For example, the Arbitration Provision provided in the sales contract
here and in Felisilda have the same pertinent language: arbitrable
claims include claims “which arise out of or relates to…[the] condition of this
vehicle…” (Azemoon Decl.; Exhibit
“A”; Felisilda, 53 Cal.App.5th at p. 490.) Also, the pleadings that the Court of Appeal
found demonstrated that the Felisilda’s claim was based upon
the vehicle’s condition, mirror the language of the operative complaint in this
matter. Specifically, Plaintiff
alleged that all his causes of action arise out of the warranty obligations provided
by FCA and FCA’s purported breach of the said warranties. (Complaint
¶ 12, 38, and 47; Azemoon Decl.; Exhibit “B”.) Similarly, the Felisilda’s complaint
states “the express warranties accompanied the sale of the vehicle.” (Felisilda, 53
Cal.App.5th at p. 496.) In sum,
Plaintiff explicitly agreed to arbitrate claims arising from the condition of
the vehicle, including with third parties who did not sign the contract, and
“the sales contract [here] was the source of the warranties at the heart of the
case.” (Ibid.) Accordingly, the holding of Felisilda is
controlling.
Plaintiff
contends that the case here is factually distinct from Felisilda because
the signatory selling dealer is not part of the lawsuit at the time of the
hearing on this motion (Plaintiff filed a dismissal of the signatory selling
dealer on 01/03/2023). In Felisilda, while the actual
moving party for the motion to compel arbitration was a signatory, the
signatory dealer was dismissed by the time the Court of Appeals addressed FCA’s
standing to compel arbitration. The Court of Appeals still found that “the Felisildas’

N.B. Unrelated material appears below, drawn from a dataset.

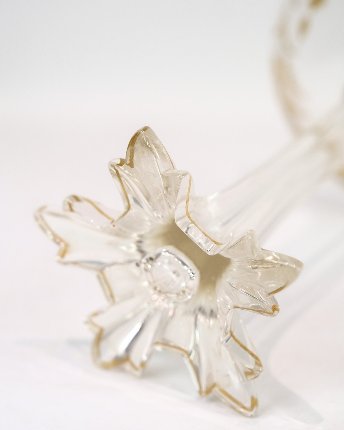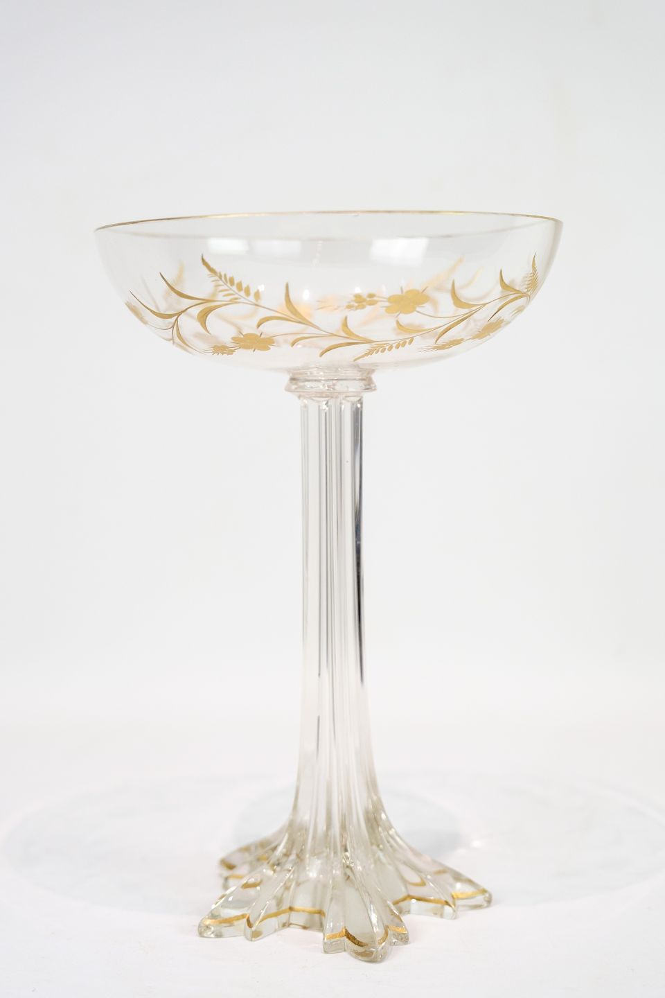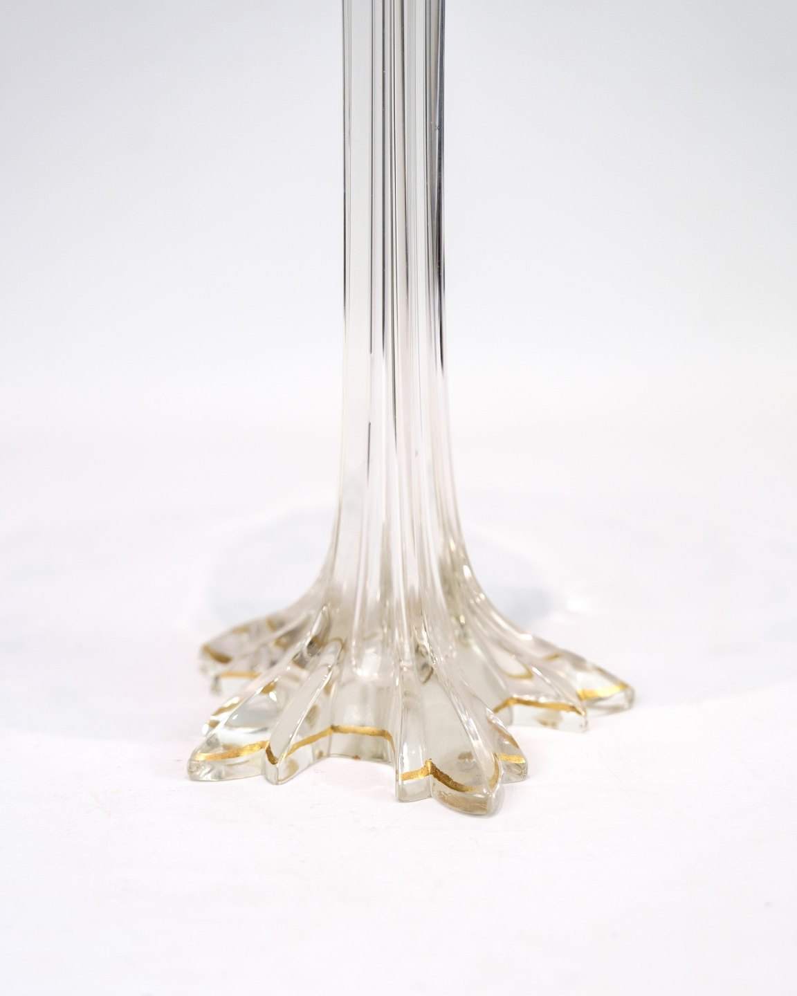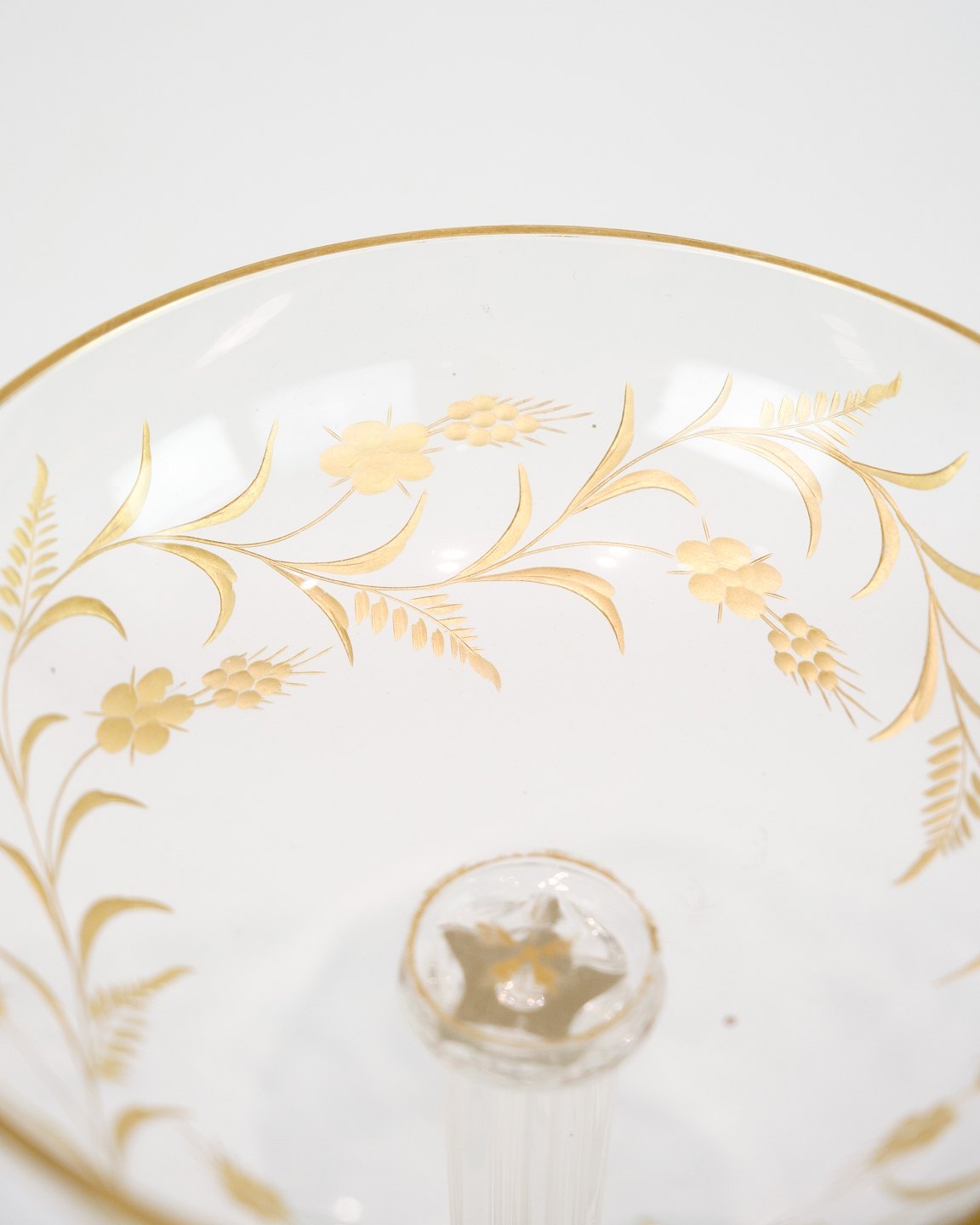 Glass top decorated with patterned gold and designed in a unique way from around the 1890s. Is in very good condition.

claim against FCA directly relates to the condition of the vehicle that they
allege to have violated warranties they received as a consequence of the sales
contract.” (Felisildas, 53
Cal.App.5th at 497.) The Court does not
find that such a fine parsing of the Felisilda decision is significant
to the holding.
C.
Third-Party
Beneficiary
Defendant FCA contends
that it is a third party beneficiary pursuant to the sales contract’s express
language, as recognized in Felisilda.
The sales contract here provides that the Arbitration Provision is
binding on “any resulting transaction or relationship (including any such
relationship with third parties who do not sign this contract…” (Azemoon Decl.;
Exhibit “A”.) Since Plaintiff is suing
under the warranties granted by Defendant FCA because of the sales contract,
Defendant FCA is a third party. Third-party
beneficiaries can enforce arbitration agreements. (Felisilda,, 53 Cal.App.5th at 497.) The Court should thus find that Defendant is a
third-party beneficiary who can enforce the arbitration agreement.
Plaintiff attempts to
show Defendant FCA is not a third-party who can enforce the contract by citing
the Goonewardene v. ADP, LLC (2019) 6 Cal.5th 817. Goonewardene provides that a
third-party beneficiary can enforce a contract when it (1) benefits from the
contract, (2) a purpose of the contract was made to benefit the third-party,
and (3) when permitting the third-party to enforce the contract would be
reasonably expected by the signatories. (Id.
at 830.) Plaintiff contends
Defendant FCA failed to meet the second and third factors. However, the Court finds that all they are
met here since the contract to buy the 2019 Chrysler Pacifica car explicitly
covered third-parties, such as the very
foreseeable Defendant FCA.
Plaintiff
made no arguments on unconscionability or Defendant FCA’s request for a stay if
the motion is granted.
Therefore,
Defendant FCA’s motion to compel arbitration and stay action is GRANTED.
III. CONCLUSION
Defendant FCA’s motion to compel arbitration and
stay action is GRANTED.
Moving
party to give notice.
Parties who intend to submit on this
tentative must send an email to the Court at alhdept3@lacourt.org indicating intention to submit
on the tentative as directed by the instructions provided on the court’s
website at www.lacourt.org. Please be
advised that if you submit on the tentative and elect not to appear at the
hearing, the opposing party may nevertheless appear at the hearing and argue
the matter. Unless you receive a
submission from all other parties in the matter, you should assume that others
might appear at the hearing to argue. If
the Court does not receive emails from the parties indicating submission on
this tentative ruling and there are no appearances at the hearing, the Court
may, at its discretion, adopt the tentative as the final order or place the
motion off calendar.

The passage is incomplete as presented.